La production du film a eu un effet sur les Mohawks d'Oka ainsi que sur les communautés autochtones de toute l'Amérique du Nord. Les reportages aux nouvelles contenaient une perspective occidentale biaisée. Le documentaire fait état de l'expérience mohawk, qui était généralement sous-représentée et déformée[4]. Obomsawin discute de l'impact du film et des incidents survenus à Oka 25 ans plus tard avec l'Office national du film du Canada :
« …À l'époque où le racisme est devenu si répandu ici, […] on ne pouvait pas aller n'importe où sans être poussé ou insulté. Il était donc encore plus important de s’assurer que cela soit documenté par certains d’entre nous. Ce film est devenu un tournant en raison de son contenu. À cause de ce qui s'est passé. Toutes les réserves de ce pays, ou presque toutes, ont perdu des terres à cause des municipalités. Et lorsque la résistance a pris fin à Kanehsatake, c’est à ce moment-là que cela est devenu un tournant. Cela a donné du courage à toutes les réserves et a permis de ne plus permettre que cela se produise.
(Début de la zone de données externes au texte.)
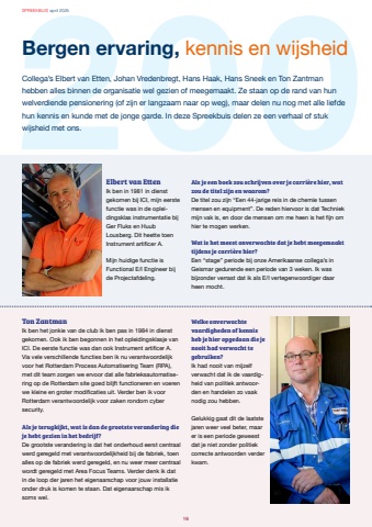 SPREEKBUIS april 20253Vanuit de hoogte een ander perspectiefOnder begeleiding van Kal Khogali en Ron Groenland werd Crystallizer 5 beklommen. Vanaf de 52 meter hoge Crystallizer 5 werd nog duidelijker hoe groot en dynamisch ons werkgebied is. Hier kregen onze bezoekers inzicht in de intensieve samenwerking binnen het cluster en werd duidelijk hoe bedrijven in het cluster grondstoffen uitwisselen, hoogwaardige werkgelegenheid bieden aan duizenden mensen en essenti%u00eble chemische producten produceren. Het chloorcluster.Naast Huntsman waren andere leden van het chloorcluster aanwezig, waaronder LyondellBasell, Nobian, Shin-Etsu en Air Liquide. Samen vormen we een netwerk van bedrijven die elkaar versterken, producten aan elkaar leveren en gezamenlijk werken aan een effici%u00ebnte en duurzame chemische industrie. Innovatie versus uitdagingenTijdens het bezoek werd uitgebreid gesproken over de voortdurende innovatie binnen de chemische sector. Bedrijven maakten duidelijk hoe zij dagelijks werken aan verduurzaming en de ontwikkeling van nieuwe, schonere producten. Tegelijkertijd werd benadrukt dat de hoge netkosten voor elektriciteit en nationale extra belastingen zoals de CO2-heffing en de plasticheffing het speelveld in Nederland minder gunstig maken ten opzichte van onze buurlanden. En dat terwijl wij het schoonste en meest effici%u00ebnte chloorcluster ter wereld zijn!Een geslaagde ochtendHet bezoek bood een waardevolle kans om te laten zien wat we bij Huntsman, samen met onze partners in het chloorcluster, realiseren en met welke uitdagingen we te maken hebben. We danken gedeputeerde Weverling en zijn team voor hun interesse en betrokkenheid. Samen blijven we werken aan een sterke en duurzame chemische industrie in Nederland! Op vrijdag 14 maart hadden we bij Huntsman de eer om gedeputeerde Arne Weverling, zijn ambtenaren en Femke Brenninkmeijer van de Economic Board Zuid-Holland te ontvangen voor een uniek bezoek aan Crystallizer 5. Namens het chloorcluster gaven wij hen een kijkje achter de schermen van onze sector en de chemische industrie in de Botlek. Met een stralende lucht en perfecte weersomstandigheden, technisch weer, zoals we dat graag noemen, was het een ideale dag om de bedrijvigheid in ons cluster van dichtbij te ervaren.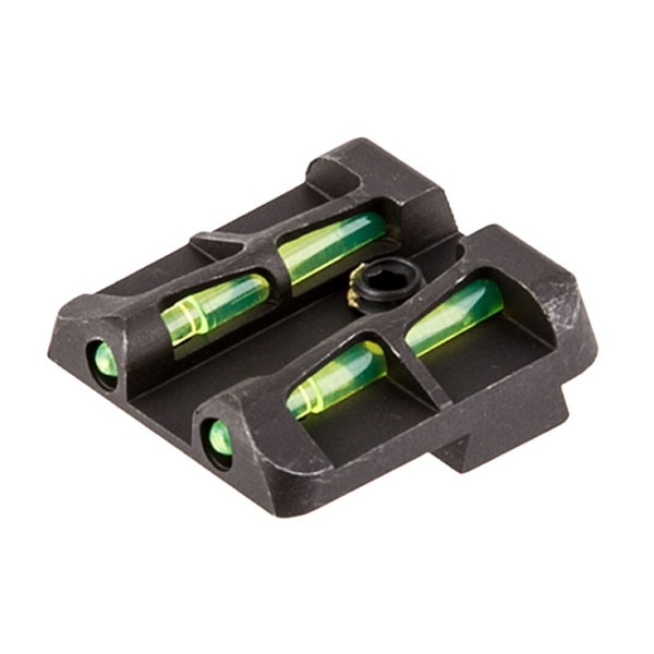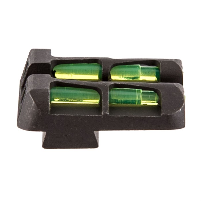 The new LITEWAVE sight design from HIVIZ features an innovative, diagonal-wave design that increases durability to the protective exoskeleton and allows for more exposed surface area for the LITEPIPE to gather light from all angles, for the brightest sight available. GLLW11 is 6.1mm high, and fits models 42 and 43. GLLW15 LITEWAVE Rear Sight is 6.5mm high, and fits 9mm, .40 S&W, and .357 Sig models. All rear sights include red, green, and black LitePipes.

Le choix d'Obomsawin de rester avec la communauté tout au long du siège et de documenter les brutalités a également semblé désamorcer la situation : « Certains pensent que la présence continue d'Obomsawin avec une caméra a probablement tempéré l'armée, que les choses auraient été pires si elle n'était pas là pour filmer »[3]. Jesse Wente (en), directeur fondateur du Bureau de l’écran autochtone et président du conseil d'administration du Conseil des arts du Canada a déclaré que :
« Le film a marqué un tournant dans l'histoire du cinéma autochtone, [...] Sans Kanehsatake : 270 ans de résistance, « il est difficile d'imaginer la compréhension qu'auraient les Canadiens de ce qui s'est passé là-bas, [...] Dans la plupart des autres couvertures à l’époque, la réalité des gens derrière la ligne ne nous était pas montrée[3].
Le film a contribué à développer un sentiment universel, explique Karen Froman, une chercheuse autochtone : « les processus de colonisation et d'urbanisation rapide dans la période d'après-guerre ont arraché les peuples autochtones de leurs terres natales, mais à bien des égards, nous restons connectés à la terre, peu importe où nous résidons. Je sais d’où je viens même si je n’y réside pas physiquement[5].